Rational design of 2 H-chromene-based antiphytovirals that inhibit virion assembly by outcompeting virus capsid-RNA interactions

Xiong Yang; Deguo Liu; Chunle Wei; Jianzhuan Li; Chunni Zhao; Yanping Tian; Xiangdong Li; Baoan Song; Runjiang Song

doi:10.1016/j.isci.2024.111210

Rational design of 2 H-chromene-based antiphytovirals that inhibit virion assembly by outcompeting virus capsid-RNA interactions

iScience. 2024 Oct 18;27(11):111210. doi: 10.1016/j.isci.2024.111210. eCollection 2024 Nov 15.

Authors

Xiong Yang¹, Deguo Liu², Chunle Wei¹, Jianzhuan Li¹, Chunni Zhao¹, Yanping Tian², Xiangdong Li², Baoan Song¹, Runjiang Song¹

Affiliations

¹ National Key Laboratory of Green Pesticide, Key Laboratory of Green Pesticide and Agricultural Bioengineering, Ministry of Education, Center for R & D of Fine Chemicals of Guizhou University, Guiyang City, Guizhou Province 550025, P.R. China.
² College of Plant Protection, Shandong Agricultural University, Tai'an City, Shandong Province 271018, P.R. China.

Abstract

Although the determination of the structural basis of potato virus Y (PVY) coat protein (CP) provides the possibility for CP-based antiviral drug design, the role of many specific residues on CP in regulating virion pathogenicity is largely unknown, and fewer small-molecular drugs have been discovered to act on these potential sites.
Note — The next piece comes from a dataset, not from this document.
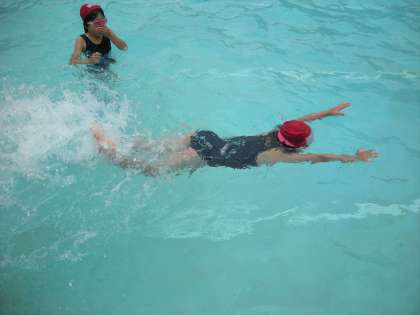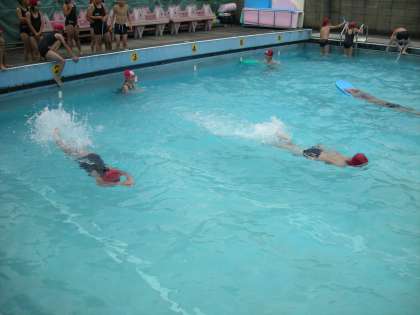 けのびは,しっかりプールの壁を蹴ってしっかり浮くと5メートルは浮きます。

In this study, a series of derivatives of 2,2-dimethyl-2H-chromene are rationally designed by employing a molecular hybridization strategy. We screen a case of phytovirucide C50 that could form a stable H-bond with Ser¹²⁵ of PVY CP to exert antiviral properties. Ser¹²⁵ is further identified to be crucial for CP-viral RNA (vRNA) interaction, enabling PVY virion assembly. This interaction can be significantly inhibited through competitive binding with compound C50. The study enhances our understanding of anti-PVY drug mechanisms and provides a basis for developing new CP-targeting virus particle assembly inhibitors.

Keywords: Biochemistry; Chemistry; Virology.